Float bug toolkit: what the hash is this?

Thu Feb 19 16:52:02 UTC 1998

David N. Smith writes:
 > 
 > When floats are constrained to answer the same hash value as integers, one
 > has to round it to the nearest integer. This obviously throws away all the
 > bits in the fraction. Yet, fully half of all floating point values are less
 > than 1.0 but greater than zero, ignoring sign, which means that fully half
 > of floats answer a zero hash. This is not a good thing.
 > 
 > 
 > I'm not proposing that mixed mode arithmetic be changed, just that hash
 > values be good hash values. I wonder how many people have given up on
 > Smalltalk when they tried to scale up from a test case to a production
 > system and found that performance went to hell. They may not know that it
 > is bad hashing that did it, but we know and we should make sure that hash
 > values are good as hash values.
 > 

It's not that bad--one could "just" check whether the float is an an
integer (or LargeInteger!), and if so make sure we get the same hash
as for the integer.  Likewise there needs to be a check for Fractions.

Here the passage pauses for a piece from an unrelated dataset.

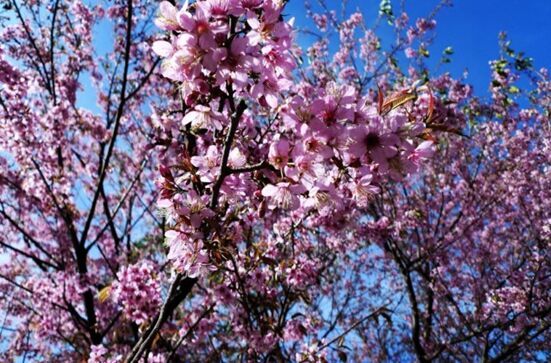 冬樱花,又名云南早樱,日本夏季的应景花,原产于中国,广泛分布于云南地区,花期11月份左右。花瓣约25枚,花径2.5厘米左右,花呈半开状态,下垂,萼片红色。

But here is an alternate sheme.  (Which seems to be what all the smart
people are getting at here :))

Why do we need to consider Float's as being exact, anway?  If we
think of Float's as representing a range of values, which is how you
should usually be thinking when you compute with them anyway, then you
get easy answers to all these problems.  <>= still make sense between
two floats.  A Float should not be = to any Integer or Fraction, just
like a Dictionary is ~= to any integer.

Some people will get burnt when 1 ~= 1.0.  But then maybe they will
remember what floating point numbers and "equality" really are.  (Or
maybe they'll say "Smalltalk is stupid" and leave :))

Unfortunately, this viewpoint also makes comparison with < and > of
floats kinda strange.  It's possible for more than one Double to fit
in the range covered by a single Float.  How do you compare these
doubles to the float?  They should really not be =, <, or >.

None of these concerns will mess up people employing good programming
practice.  If they want strict equalities, they should almost
certainly not be using floats.  If they want fuzzy comparisons, they
should just be using < and >.  And if they have mixed Doubles and
Floats, uh, hmm, well, they have to be careful.

It would be nice to have a version <>= that conceptually convert to
Double and use the midpoint of the represented region, they way the
standard <>= mostly (but not always) work now.  Just like String has =
and sameAs:.

This scheme seams to work, though it means the standard =<> would be
different from what =<> normally in mixed-format numeric computations.
Thoughts?

Lex